If you are not sure if you are 'doing it right', this is what you looking for 
    ~ baby's chest is against your chest
    ~ their ear, shoulder and hip are in a straight line
    ~ your baby's chin should be under your breast, his nose will be free to breath above the nipple
       or if baby is in a position as in the photo, their chin will be on the right of your breast and 
       their nose will be on the left.
    ~ then their mouth will open with their lips flanged back.
    ~ pop your nipple into the open mouth if needed
    ~ if your baby has correctly latched on there will be no areola showing below baby's bottom lip
    ~ your nipple should go right to the back of your baby's mouth - this is called a deep latch
    ~ when first latched on the baby will make several rapid sucks, then settle down to a regular 
       rhythm of suck, swallow, breathe, suck, swallow, breathe
    ~ the baby's lower jaw makes big movements right up to their ear and this makes the baby 
       appear to have a 'double chin'
    ~ let the baby feed as long as they want as this keeps your breasts drained as well as 
       establishing you milk supply and satisfying the baby's hunger.
    ~ in the first few days 'cluster feeds' are normal - possibly 10 - 12 daily. This is not spoiling the 
       baby. Relax and enjoy your baby, allowing unlimited access to feed
    ~ you will know your baby is receiving enough milk if -
            # they are alert, bright-eyed, active and contented.
            # they have a moist mouth.
            # they have soaking wet nappies and regular bowl motions.
            # they are growing and gaining weight each month.

8. What things have you found discourage mothers from breastfeeding?
Well, I have rarely had a bottle-feeding mum.
Some mums who want to return to work think they don't have time to breastfeed, but a breastfeeding specialist can help them with this, or a group such as the La Leche League.
Mothers who have bad health or bad eating habits can have trouble breastfeeding.
Mums can be pressured to stop breastfeeding by their peers who may not be mothers themselves and even a young mum's own mother can discourage her from starting or continuing to breastfeed.
Occasionally a mother may not have breast tissue to breastfeed, or she may have inverted nipples.
A baby can be tongue tired or have tongue abnormalities.
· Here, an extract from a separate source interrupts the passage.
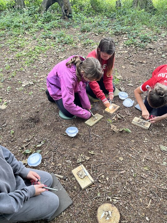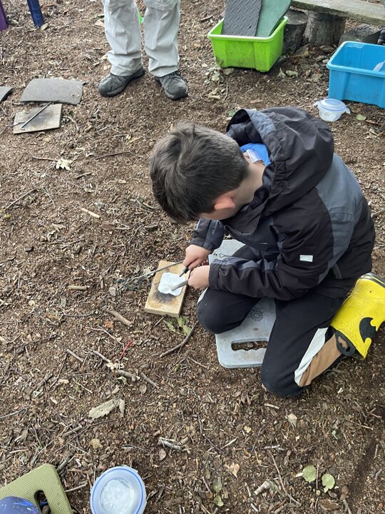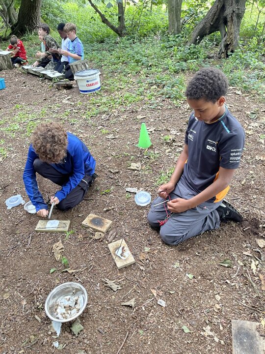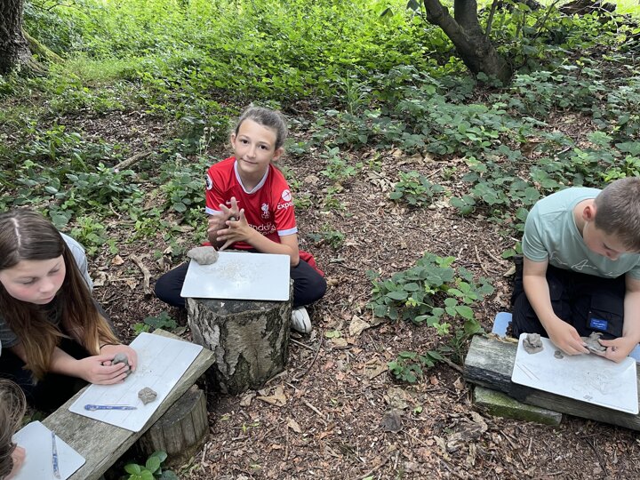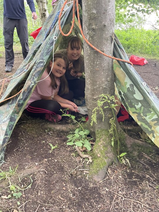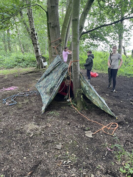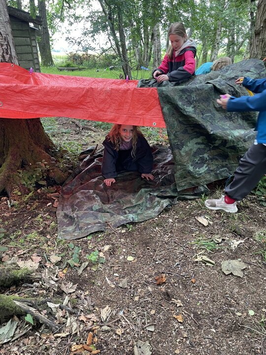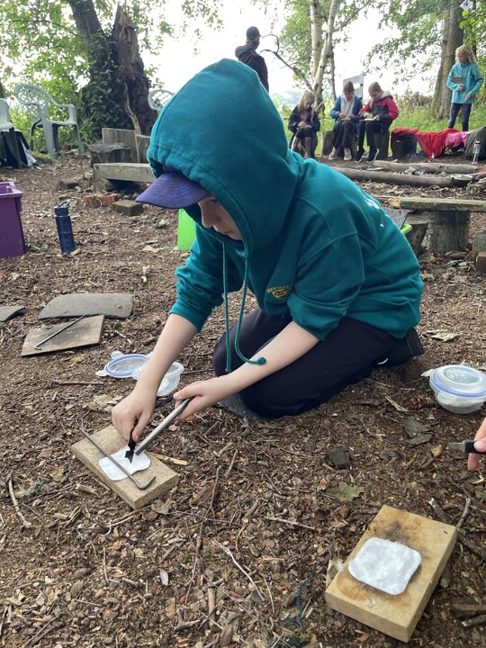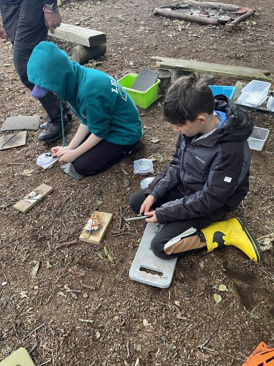 A wonderful time was had by all on our visit to the woods at Humblescough Farm. The children enjoyed working in teams to make waterproof dens, cooked S’Mores on the fire, made Japanese art, played hide and seek, designed clay models and learnt how to use flint and steel to make fires!

The incidents of this are increasing, but with specialist help, can be solved. 

9. As a midwife, what do you think of Montana State University's findings - that breastfeeding mothers are seen by the public as less competent than bottle-feeding mothers?
I don't think this question is worth an answer. Every woman is intelligent within their own right. The fact that breastfeeding mums want to care for their baby in the best way possible, shows they are intelligent and competent. The fact is they are giving their baby perfect nutrition.
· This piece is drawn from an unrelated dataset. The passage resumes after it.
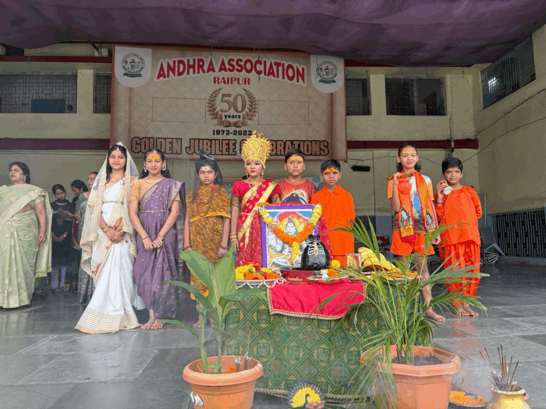 कार्यक्रम का शुभारंभ भगवान शंकर के चित्र पर माल्यार्पण और शिवलिंग पर जलाभिषेक कर विधिवत पूजा-अर्चना के साथ किया गया। इस अवसर पर मुख्य अतिथि के रूप में श्री वी. रामा राव (भूतपूर्व सदस्य, नगर पालिक निगम, कोरबा) उपस्थित थे। विशिष्ट अतिथियों में डॉ. अरुण पटनायक (सीनियर डायरेक्टर, एमिटी यूनिवर्सिटी), श्री जी. स्वामी (अध्यक्ष, आंध्र एसोसिएशन, रायपुर), श्री मोहन के. नायडू (कोषाध्यक्ष) एवं श्री एम. श्रीनिवास (संयुक्त सचिव-2) सम्मिलित हुए। कार्यक्रम में कार्यकारिणी के सदस्य श्री के. विजय कुमार, श्री जी. नागेश, शाला की प्राचार्या डॉ. फ्रेनी जयप्रकाश तथा उपप्राचार्या श्रीमती मौसमी भट्टाचार्य भी उपस्थित थीं।

10. Do you think the solution to right this wrong attitude toward breastfeeding mums, is for more breastfeeding mums in prominent positions, to lead the way in speaking out? Or do you think there is another way?
Well, to start with it would help if there was no advertising of breast milk substitutes in the health care system, no samples given to mothers or pregnant women, or health workers.
But the best way to bring change is through television advertising, through the promotion of mums of different ethnicities, breastfeeding. This is a real way, real education which will affect the  public's thinking. New Zealand TV is ahead of the UK and Australia in these areas, leading the way in its promotion, for example, of Maori mothers being encouraged to breastfeed. New Zealand has good educators and good hospital initiatives.

THANK YOU Margaret. Margaret McGlashan is a part of the team at the Helensville Birthing Unit in the outer Auckland area. This unit is one of New Zealand's top Baby Friendly Hospitals.

THISWEEKWITHTHEKIDS ~ focus your mind on the fact that by breastfeeding your baby, you are giving lifetime benefits to them. Happy feeding.